Action item
Below is a listing; transcribe it exactly but without any images.

Provided material
#####

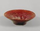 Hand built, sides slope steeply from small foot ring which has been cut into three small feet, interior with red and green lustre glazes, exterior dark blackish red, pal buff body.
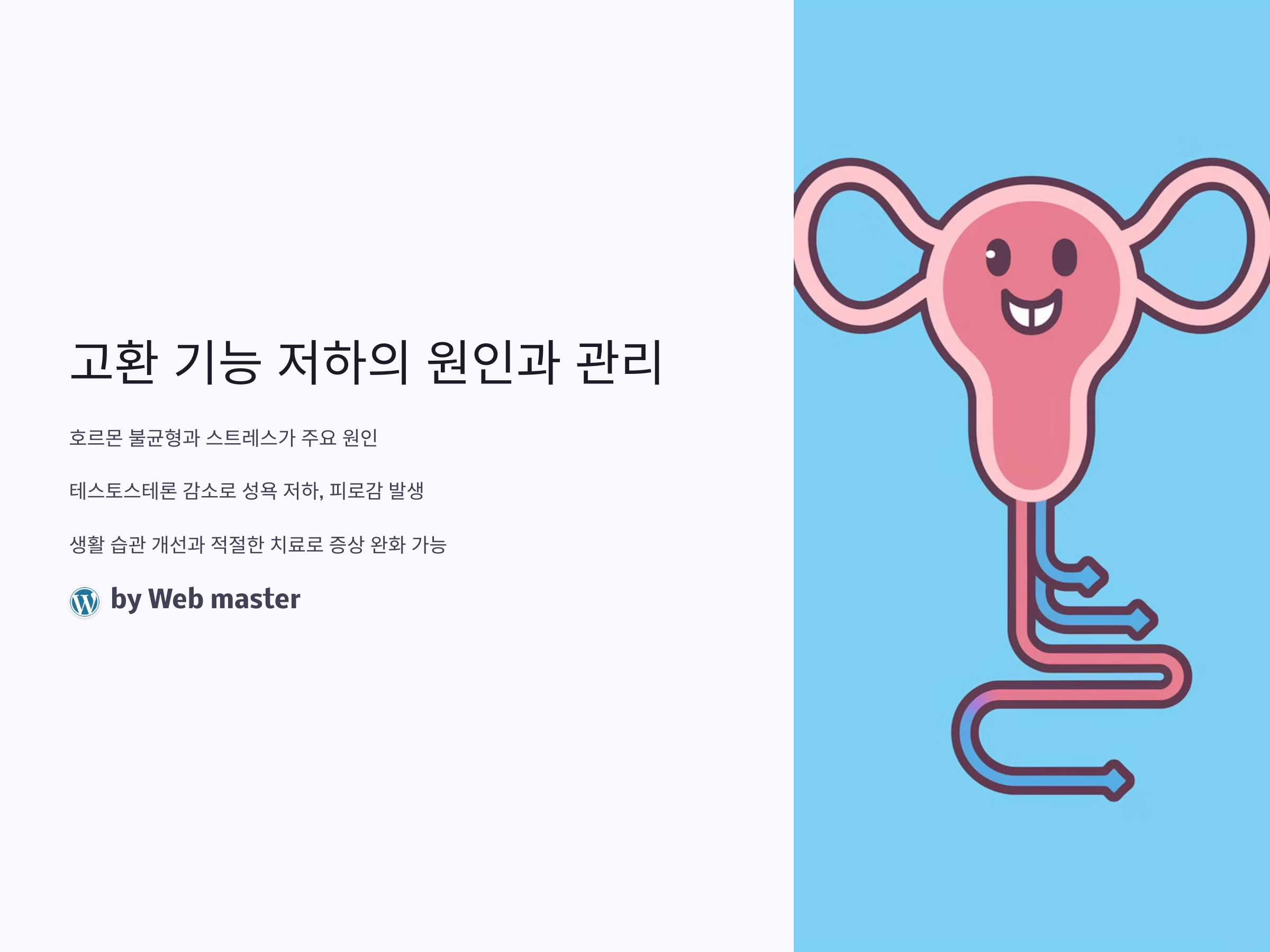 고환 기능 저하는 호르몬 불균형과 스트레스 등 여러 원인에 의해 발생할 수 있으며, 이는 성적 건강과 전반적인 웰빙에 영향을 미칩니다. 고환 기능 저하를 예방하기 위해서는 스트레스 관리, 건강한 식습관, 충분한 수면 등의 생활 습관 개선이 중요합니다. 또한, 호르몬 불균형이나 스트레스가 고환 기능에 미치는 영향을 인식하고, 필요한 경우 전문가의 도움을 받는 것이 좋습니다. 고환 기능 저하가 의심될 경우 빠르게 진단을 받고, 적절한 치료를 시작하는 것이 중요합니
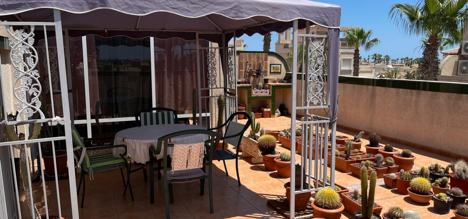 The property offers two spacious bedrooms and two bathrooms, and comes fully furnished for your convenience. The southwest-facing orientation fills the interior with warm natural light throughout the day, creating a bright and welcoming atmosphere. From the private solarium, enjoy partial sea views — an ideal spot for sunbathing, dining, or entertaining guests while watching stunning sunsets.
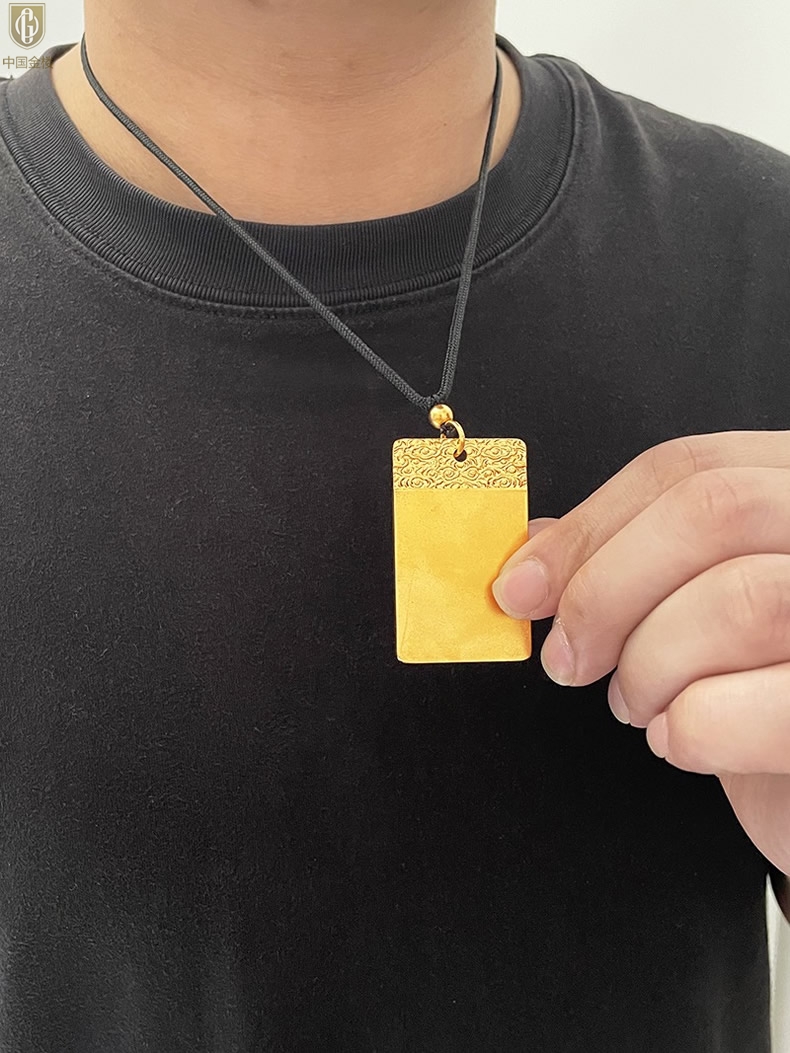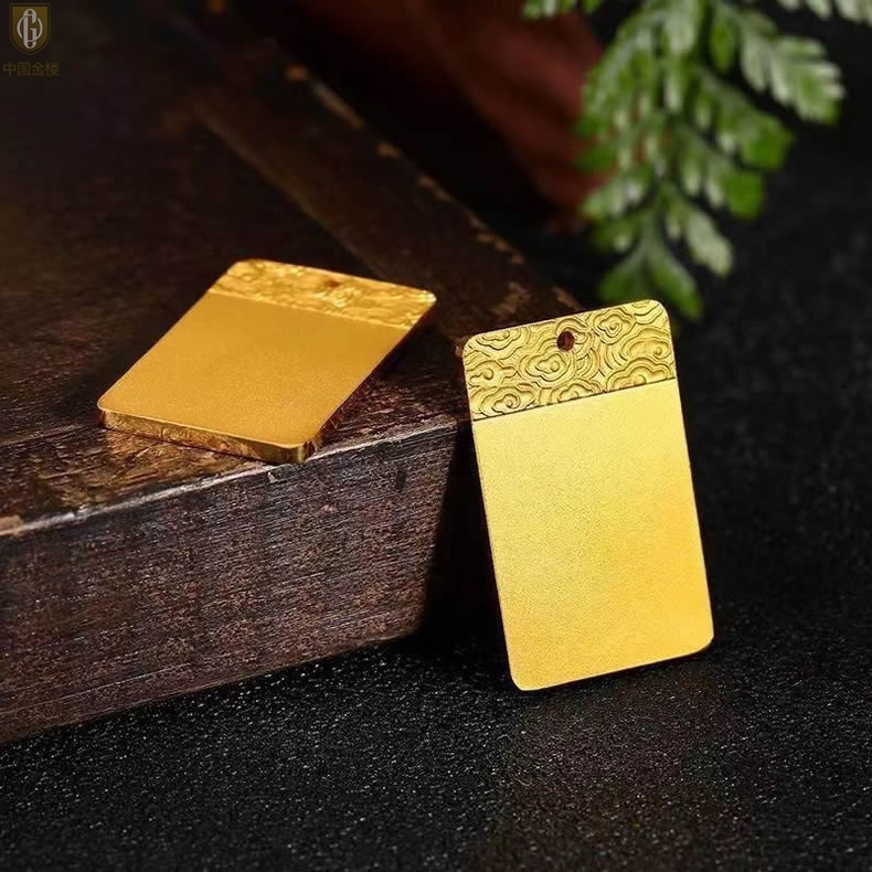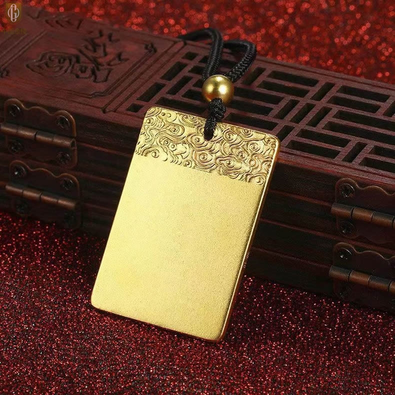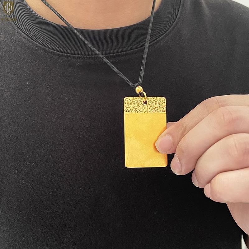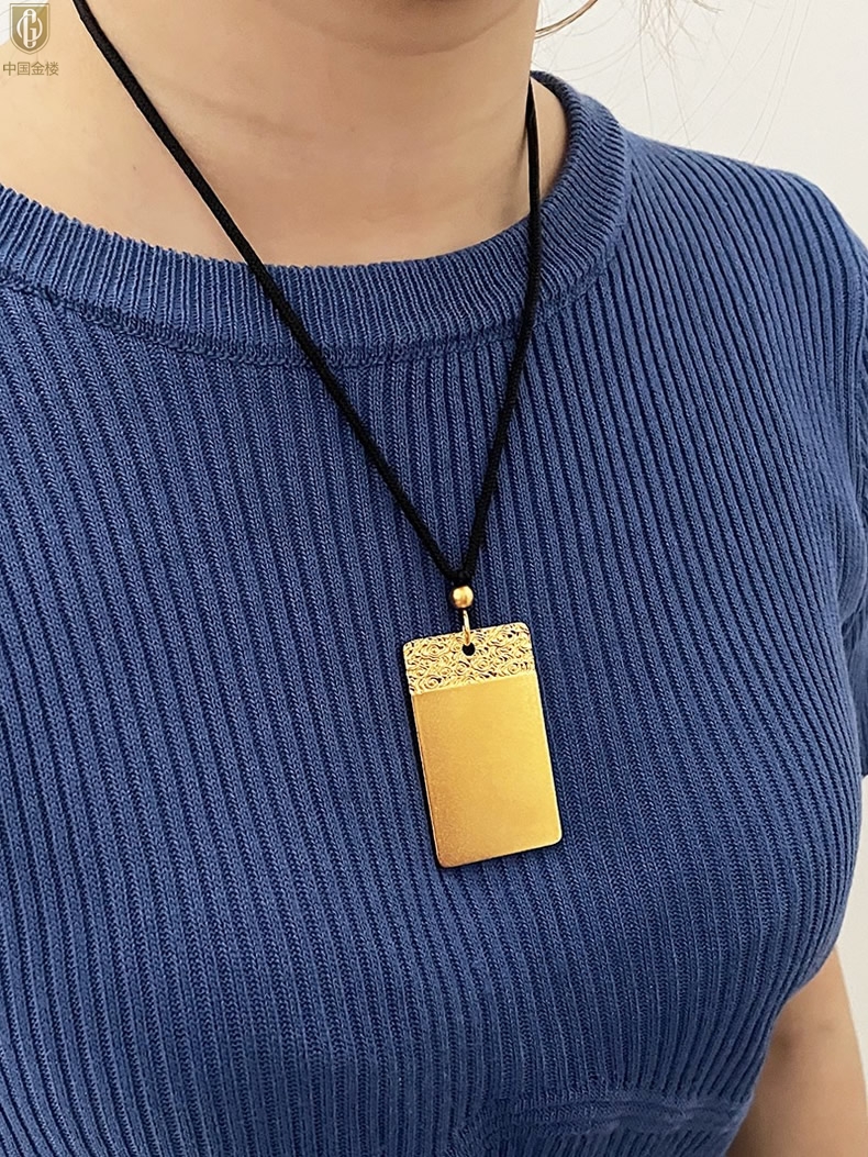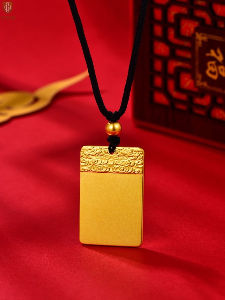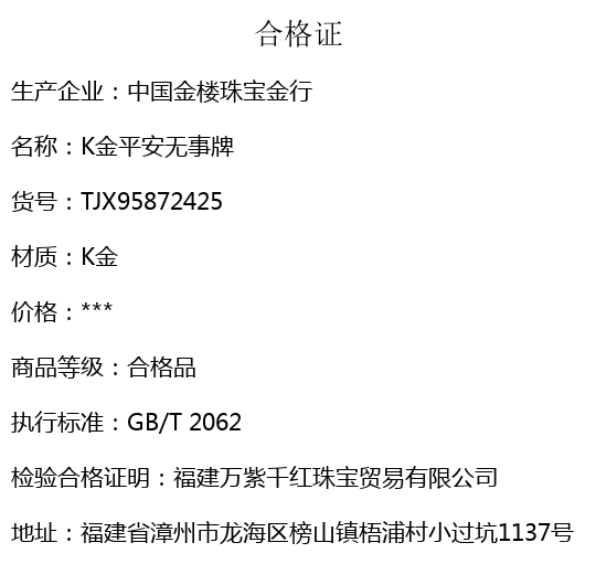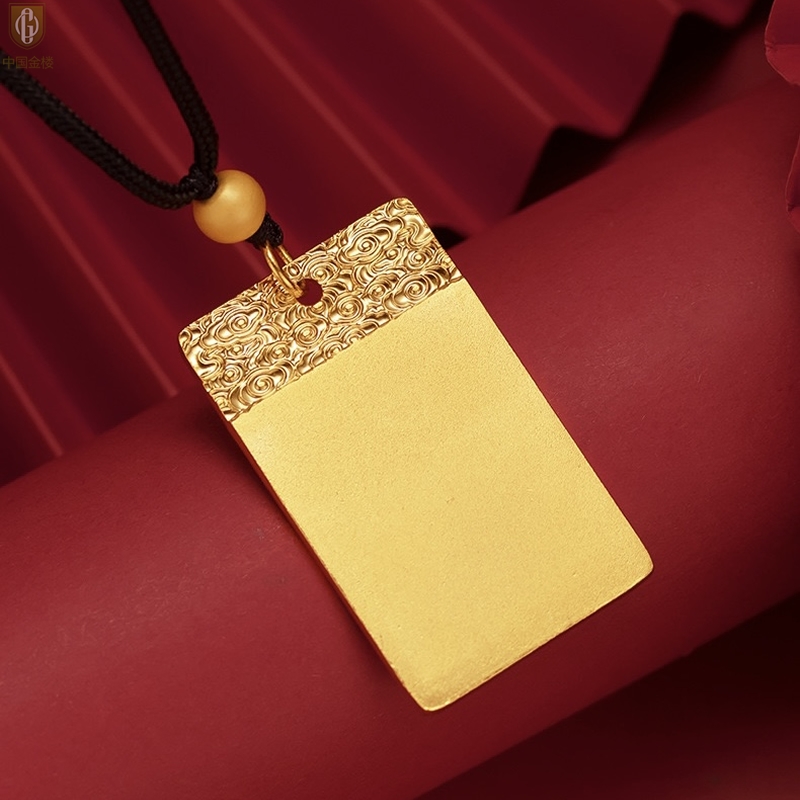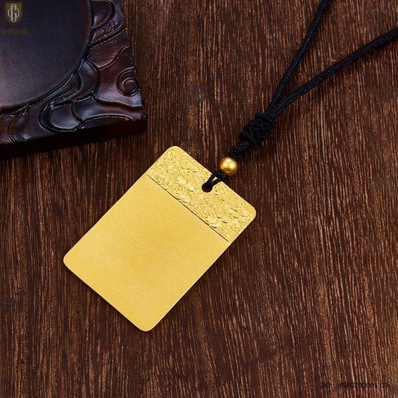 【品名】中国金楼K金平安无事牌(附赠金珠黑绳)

#####

Answer box
 Hand built, sides slope steeply from small foot ring which has been cut into three small feet, interior with red and green lustre glazes, exterior dark blackish red, pal buff body.
 고환 기능 저하는 호르몬 불균형과 스트레스 등 여러 원인에 의해 발생할 수 있으며, 이는 성적 건강과 전반적인 웰빙에 영향을 미칩니다. 고환 기능 저하를 예방하기 위해서는 스트레스 관리, 건강한 식습관, 충분한 수면 등의 생활 습관 개선이 중요합니다. 또한, 호르몬 불균형이나 스트레스가 고환 기능에 미치는 영향을 인식하고, 필요한 경우 전문가의 도움을 받는 것이 좋습니다. 고환 기능 저하가 의심될 경우 빠르게 진단을 받고, 적절한 치료를 시작하는 것이 중요합니
 The property offers two spacious bedrooms and two bathrooms, and comes fully furnished for your convenience. The southwest-facing orientation fills the interior with warm natural light throughout the day, creating a bright and welcoming atmosphere. From the private solarium, enjoy partial sea views — an ideal spot for sunbathing, dining, or entertaining guests while watching stunning sunsets.
 【品名】中国金楼K金平安无事牌(附赠金珠黑绳)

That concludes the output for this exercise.